### COLLECTED DATA
┄┄┄┄┄┄┄┄┄┄

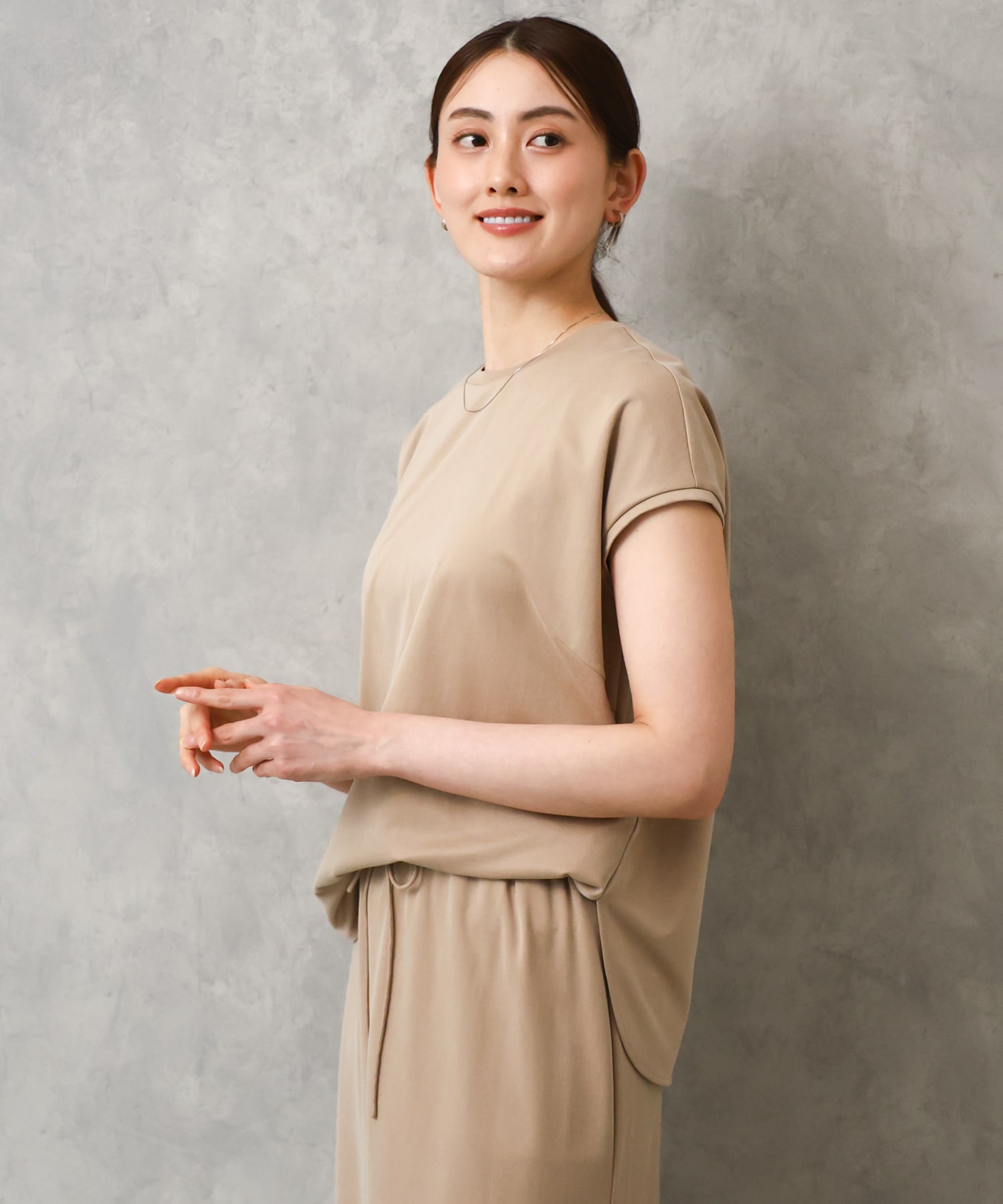 ジャージ素材でありながら女性らしいシルエットを演出してくれます
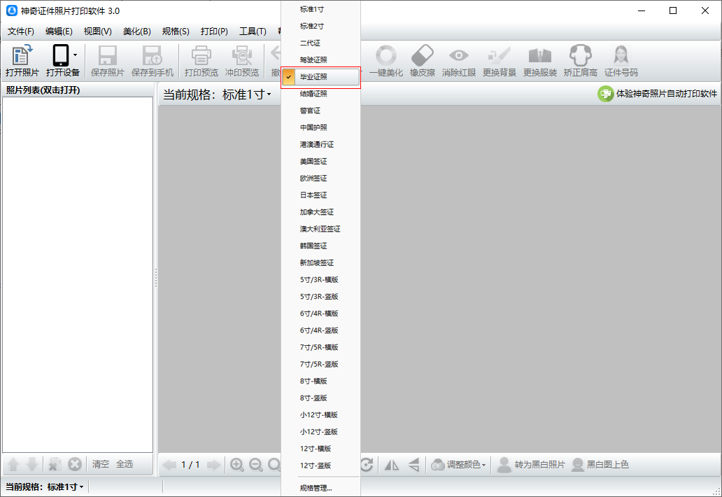 2、点击之后出现下拉菜单,可以看到有各种规格,这里我们选择毕业证照,您可以根据您的具体需求选择相应的规格。
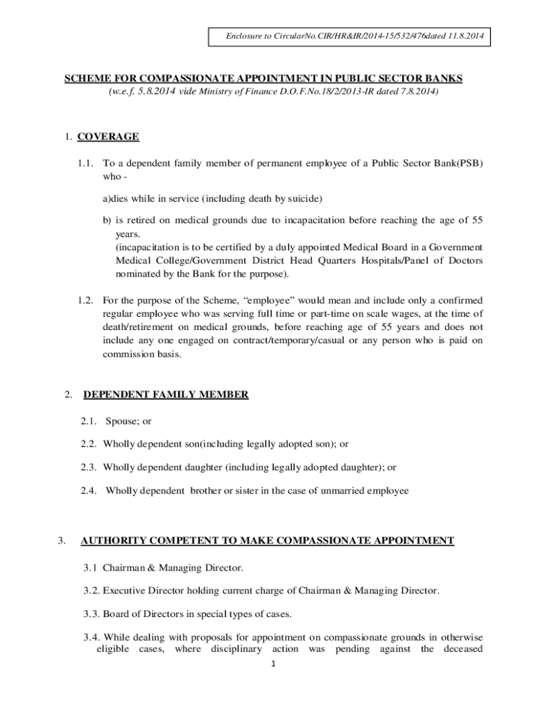 Enclosure to CircularNo.CIR/HR&IR/201415/532/476dated 11.8.2014SCHEME FOR COMPASSIONATE APPOINTMENT IN PUBLIC SECTOR BANKS (w.e.f. 5.8.2014 vide Ministry of Finance D.O.F. No.18/2/2013IR dated 7.8.2014)1.
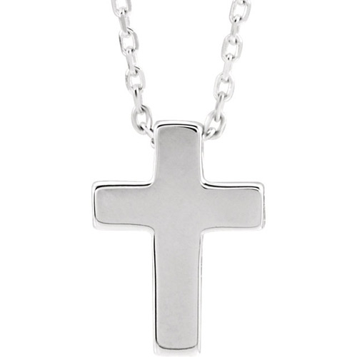 Petite smooth cross necklace is made of polished 14k white gold. Cross length: 1/2in. 14k white gold diamond-cut cable chain is adjustable in length from 16 to 18 inches. Weighs 2.6 grams. Please note: weight is approximate, actual weight may vary.

┄┄┄┄┄┄┄┄┄┄

### INSTRUCTIONS FOR THE TASK
Restate the data word for word, minus any images.

### YOUR RESPONSE
 ジャージ素材でありながら女性らしいシルエットを演出してくれます
 2、点击之后出现下拉菜单,可以看到有各种规格,这里我们选择毕业证照,您可以根据您的具体需求选择相应的规格。
 Enclosure to CircularNo.CIR/HR&IR/201415/532/476dated 11.8.2014SCHEME FOR COMPASSIONATE APPOINTMENT IN PUBLIC SECTOR BANKS (w.e.f. 5.8.2014 vide Ministry of Finance D.O.F. No.18/2/2013IR dated 7.8.2014)1.
 Petite smooth cross necklace is made of polished 14k white gold. Cross length: 1/2in. 14k white gold diamond-cut cable chain is adjustable in length from 16 to 18 inches. Weighs 2.6 grams. Please note: weight is approximate, actual weight may vary.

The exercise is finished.